“He must increase, but I must decrease.”
John 3:30
We are drenched to saturation in a narrative of the self.
From primary school onwards, the messaging begins:
You are special. You are unique. Be whoever you want to be. Express yourself. Live your dream. Be the hero/ine of your story. Speak your truth. Create your identity. Fulfil your desires. You do you.
So entrenched is this story among us that we both find it hard to see, and have believed it to be the pathway to flourishing (or, in biblical language, to salvation). In our minds and hearts, we suck in the notion that happiness is found in a world where we are at the centre — our rights, our desires, our self-expression, our choices. Much therapy, self-help advice, life hacks, lifestyle gurus, thousands of books, podcasts, memes, and quotes, all uphold and celebrate this basic centrality of the self. We have built (or attempted to build) our rickety Western morality upon this very basis.
And our souls are crumbling.1
John the Baptist today points us in the way. In seven words he turns our cultural narrative inside out:
He must increase, but I must decrease.
John the Baptist has been a big name. He’s had a huge following, with speculative wonderings about just how significant his identity is for God's people. He’s built a following and a platform. In the thoughts of many people, he has become the centre of the story.
And yet, John knew something different. He knew that his life and his ministry and his identity and his purpose were found not in the promotion of himself, but the promotion of Another. He knew that his fullness did not come in his endless increase, but that his significance was found in decrease. He knew that freedom was found in surrender and security was found not in self-actualisation, but self-denial. He knew that the upward road leads downwards, and that the doorway to the Kingdom is found in the floor, and that you find your life by losing it. John is the first celebrity religious leader of the New Testament, and yet he models for us a radically different way that the ancients have repeatedly called humility.

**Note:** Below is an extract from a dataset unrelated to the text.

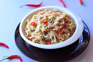 酸菜粉丝炒肉介绍:如果仅仅是用粉丝炒肉,味道未免太过于单一了,有了酸菜的加入,使整道菜的味道得到了升华,变成了一道非常开胃的菜肴,配上米饭再美味不过了,肉质也变得爽滑鲜嫩,粉丝也弹性十足,一起来学习制作下吧! 酸菜粉丝炒肉的做法请看下面地铺行网的讲解。

This cuts to the heart of our culture. This cuts to the heart of how we view leadership, celebrity, influence and significance. And it cuts to the heart of our very wellbeing, flourishing, and life. For so often, when we feel fearful, when we feel insignificant, when we feel insecure and forgotten and overlooked and unimportant, those ideals of our culture make us start grasping for the promotion of ourselves. The fear of insignificance makes us start grabbing for a plastic version of significance in the shouty narcissism of the wounded ego. St Augustine told us that sin was, in essence, incurvatus in se — ‘a life turned inwards on itself.’ We live in an incurvatus society. John shows us the way out.
He must increase, but I must decrease.
Friends, true life and security and joy and peace is found in a different way. True purpose is found in a different way. The answer to so many of our insecurities, vanities, anxieties, and the crushing pressure of endless self-promotion is not in a greater focus upon the self, but a greater focus upon the Saviour. It is only when our eyes, when our hearts, when our purpose, when our fullness, turns consistency and radically and daily to Him, that we find our truest freedom.
Reflect:
In my heart: Where can I decrease? Where can He increase?
Pray:
Lord Jesus,
Where my focus has become
Me
Help me to decrease.
Liberate me from the obsession with my
Self;
Heal me from the flawed solutions of
Self-actualisation.
Save me from the false ideologies
That my salvation is found in my anxious endeavours of increase.
Lord Jesus,
Let my focus become
You:
Your cause;
Your words;
Your agenda;
Your glory—
That I may decrease,
Unto your increase,
In the eternal liberty of
Self-forgetfulness
And a life turned back outwards to
You.
Lord Jesus,
In Your Name,
Amen
Old Testament:
For those also reading the Old Testament this year, your additional readings are here:
2 Chronicles 26-28 | Psalm 119:1-16
This has not always come from a bad place. Emphasis on individuality has been a response to where individual freedom has been denied. It is reactive against societal inequality, silencing, and disempowerment. But reaction to distortion tends to create new distortions. We are not called to the game of reaction, but of restoration. The solution to the abuse and silencing of our world is not found in self-defensive self-expression, but in a return to the world for which we were made.
Yes! I think as Christians we know this and we die to ourselves pretty well…**when we feel secure and confident ** but its when we “For so often, when we feel fearful, when we feel insignificant, when we feel insecure and forgotten and overlooked and unimportant, those ideals of our culture make us start grasping for the promotion of ourselves. The fear of insignificance makes us start grabbing for a plastic version of significance in the shouty narcissism of the wounded ego.” We fall right back into the ways of the world.